Jan Ray grew up in North Louisiana, in the Vivian area, or more specifically, in a little place called “Dixie.” It was a peaceful environment and a great place to live as a young girl, riding horseback on country roads lined with cotton fields. So, although she and her husband, Ron, moved around a bit in their earlier years of marriage, living in at least three other states besides Louisiana, the Arkansas-Louisiana Conference is “home.”
She and Ron were glad to settle down and serve in familiar territory for the past 30 years. Ray has been teaching for 20 years, 15 of which she has served in the Arkansas-Louisiana Conference and the children of the Hot Springs Adventist School. The first five years of teaching were at Ozark Adventist School, where she worked part time, while she had a little one at home. Ray has three grown children, so she was a stay-at-home mom for several years, and when the youngest one was in school, she received her degree from Southwestern Adventist University and started teaching.
She has always been interested in children’s ministries, participating in Sabbath school and VBS even before teaching. Most recently, she has taught K-4 grades at Hot Springs Adventist School. Always interested in music, she has frequently participated at camps and in Sabbath school playing the guitar. For several years, both in Hot Springs and Gentry, she taught hand chimes to the fifth and eighth grades.
It makes her heart happy to see young people in her church participating in the singing and music, and she plans to continue her involvement with the children and youth, even though she is retiring from her school duties. Ray has cleaned out her classroom for the last time and has packed away her teaching tools.
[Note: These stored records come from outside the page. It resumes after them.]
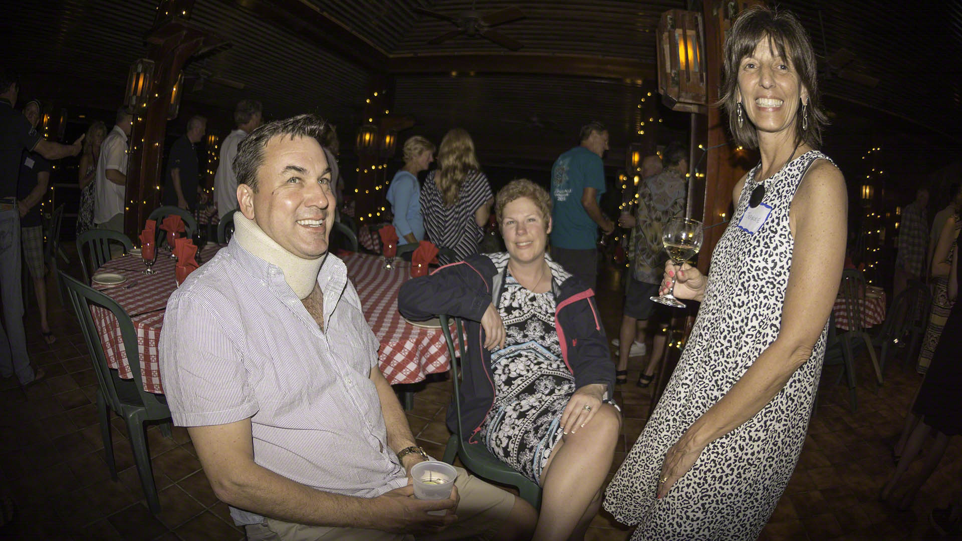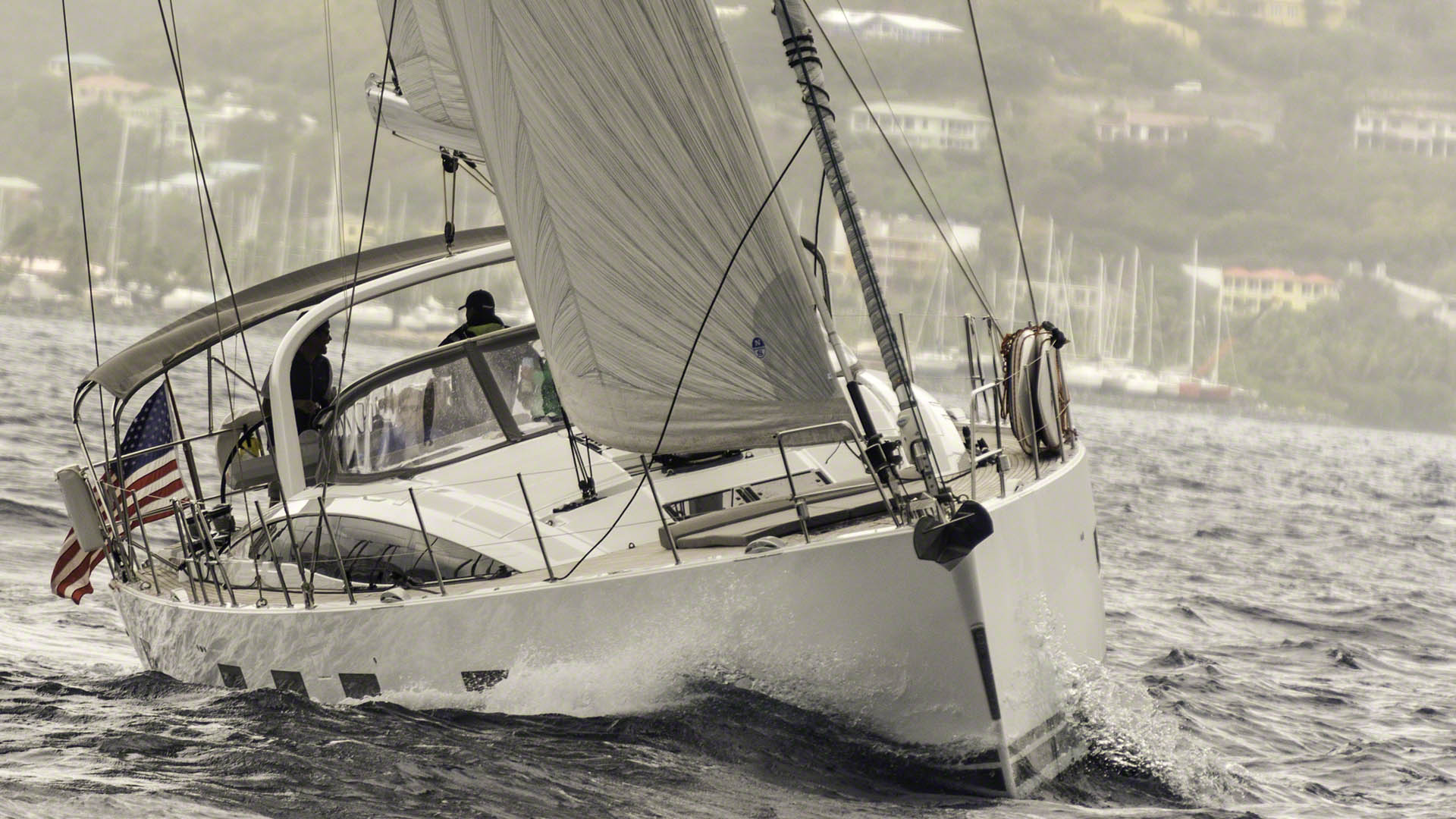 On the agenda for today was a sail up the Sir Francis Drake Channel all the way to the Bitter End Yacht Club in the North Sound. The weather was, for the BVI, pretty miserable – numerous rain showers came through and the sun rarely made any appearance at all. Malcolm took the helm for the long sail and we had a reef in both sails as we preceded Serenity out of the sheltered waters in the Bight. We did 2-3 long tacks and Serenity didn’t seem to be catching us by much but then we made a tactical mistake. In a rain squall which was so strong that Malcolm’s watch fogged up and I resorted to using my dive mask to see ahead we didn’t notice the wind shift in the rain and ended up losing all of the distance that we’d fought so hard to make upwind and after that we lost Serenity ahead of us. As it later turned out, she was being helmed by Gary Jobson which took the edge off our disappointment. We didn’t join the other boats at the Bitter End docks because Malcolm and I were going to have dinner upstairs at Leverick Bay and because I don’t like to dock in any case. We ended up dinghying from Leverick to the Bitter End because the shuttle only goes to Saba Rock. We had a couple of libations and were looking forward to hearing Gary Jobson give his presentation but were disappointed in that the buffet dinner was first on the agenda and we had to leave. Dinner at Leverick was fantastic, I had their lamb creation and think that the food at Leverick Bay was consistently the best I’d had in the BVI.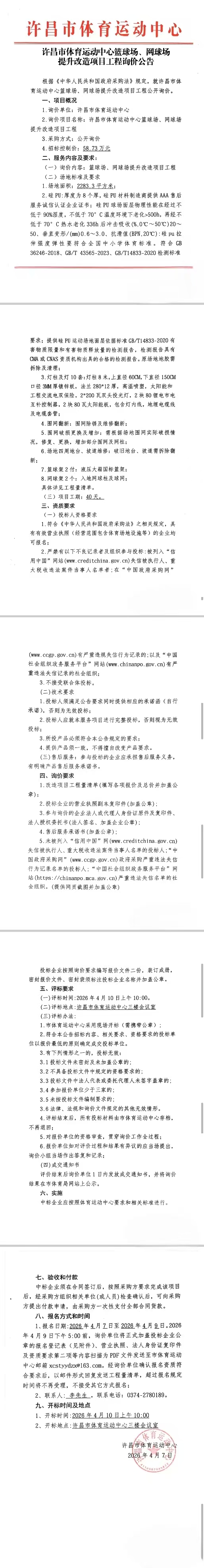许昌市体育运动中心篮球场、网球场提升改造项目工程询价公告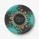 Assiettes En Carton Turquoise Black Gold Fractal Swirl Dîner Invitatio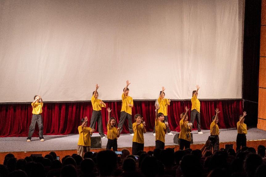 开场前,我们春秋创意工作室的工作人员登台表演了一段婚礼的宣誓仪式,男女主人公相对而立,注视对方,同时伴随着电影主题曲《爱》的倾情演唱及手语舞的表演将观影氛围拉入高潮。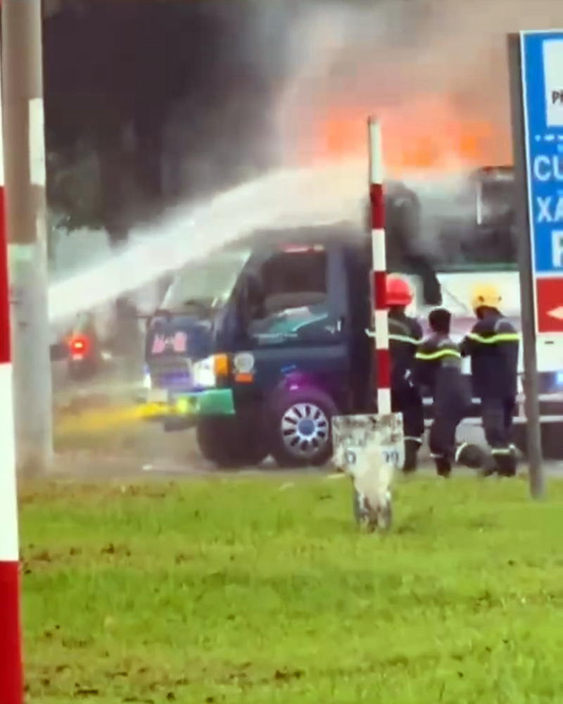 Nam tài xế nhanh chóng đưa xe đến ngay trước trụ sở đội nhờ hỗ trợ. Ngay lập tức, 12 chiến sĩ cùng 2 xe nước được triển khai, dập tắt đám cháy trong khoảng 4 phút.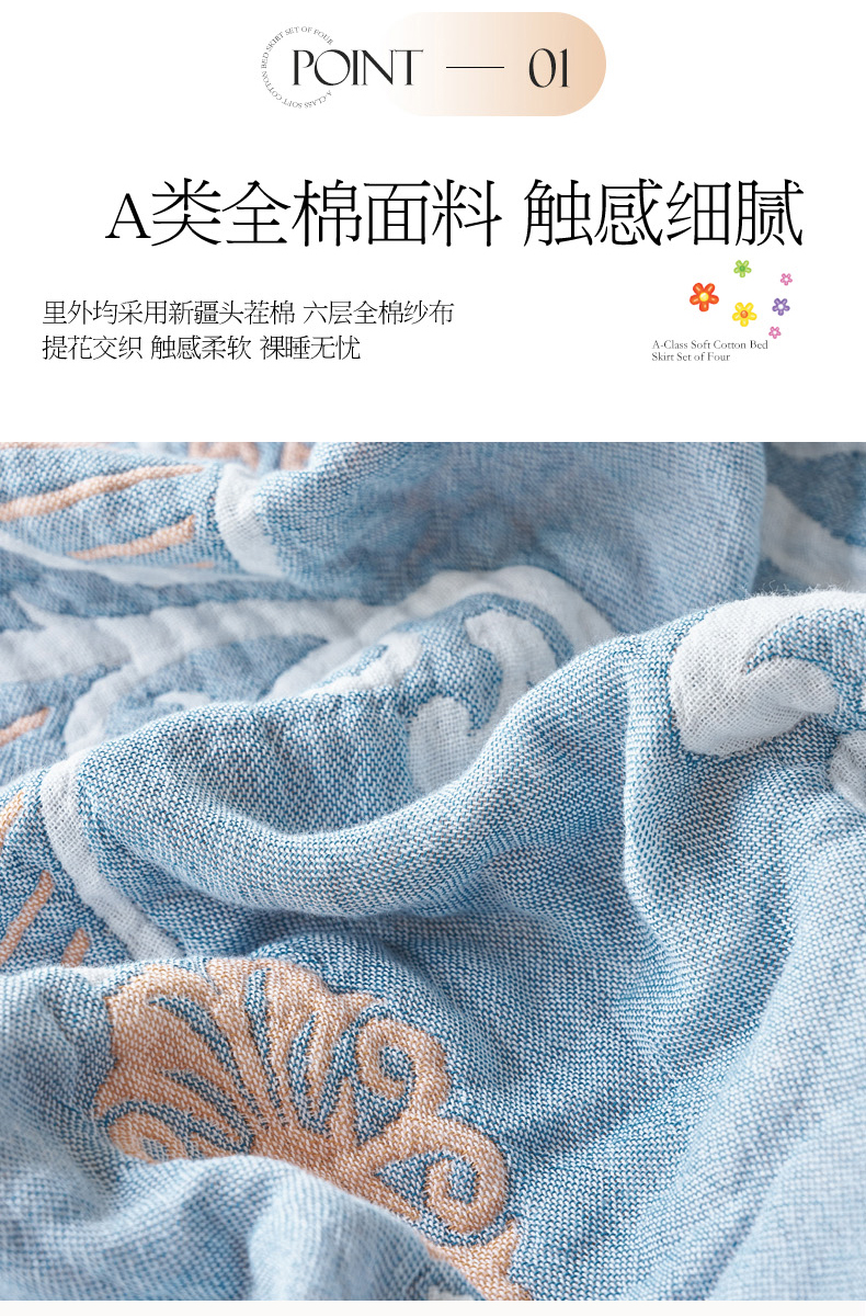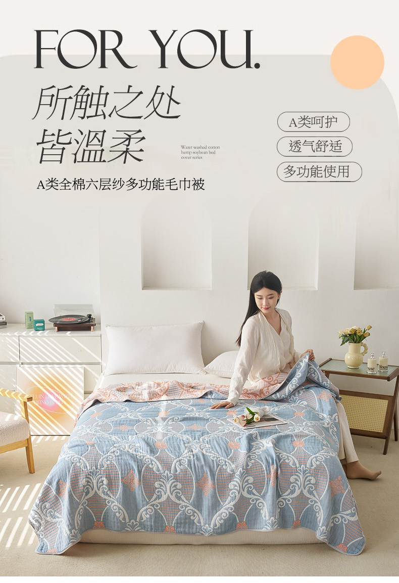 商品名称:棠薇家纺 2025新款六层纯棉纱布毛巾被水洗工艺不缩水 迷恋蓝

Although it was a bit sad, she is excited to be able to visit her grandkids on occasions other than school holidays and to spend more time with her husband, who also recently retired. Ray was celebrated by her church members and the conference education department in a special ceremony on May 25 in Hot Springs.
Joyce Fortner has been teaching for 50 years, and 23 of those have been in our school at Little Rock, Ark. If you ever get a chance to talk to Fortner, you will be amazed by her story. From an orphanage to being adopted into a home that fostered and cared for many, she has been devoted to children since her own childhood. Mother to six children and wife to a pastor for many years, Fortner has a passion for children and the Gospel. She says she would love for all kids to have the opportunity to say “Yes” to Jesus, regardless of how much it costs. She is very supportive of the Adventist high school in Little Rock. A former co-worker who is now teaching in Taiwan gave three points that describe Fortner’s level of dedication: 1. Sick, dead or alive, you report. 2. It’s never too early to come to work (she can easily be at the school by 6 a.m.) and 3. There is nothing that prayer cannot handle. Fortner herself says that once you are called, you are always called. The Holy Spirit called her at age 14, and she has not looked back! Fortner is not necessarily excited about retirement, but it is time for her to move on in her calling to a different mission, focusing on home and family.
Fortner was recognized for her more than 50 years of service in children’s ministries at the North American Division Children’s Ministries Convention in Greensboro, N.C., in January 2023, and was given a short farewell ceremony at the South Louisiana Camp Meeting, which she was also involved with as children’s ministries director. She will remain the active children’s ministries director for the conference, even in retirement.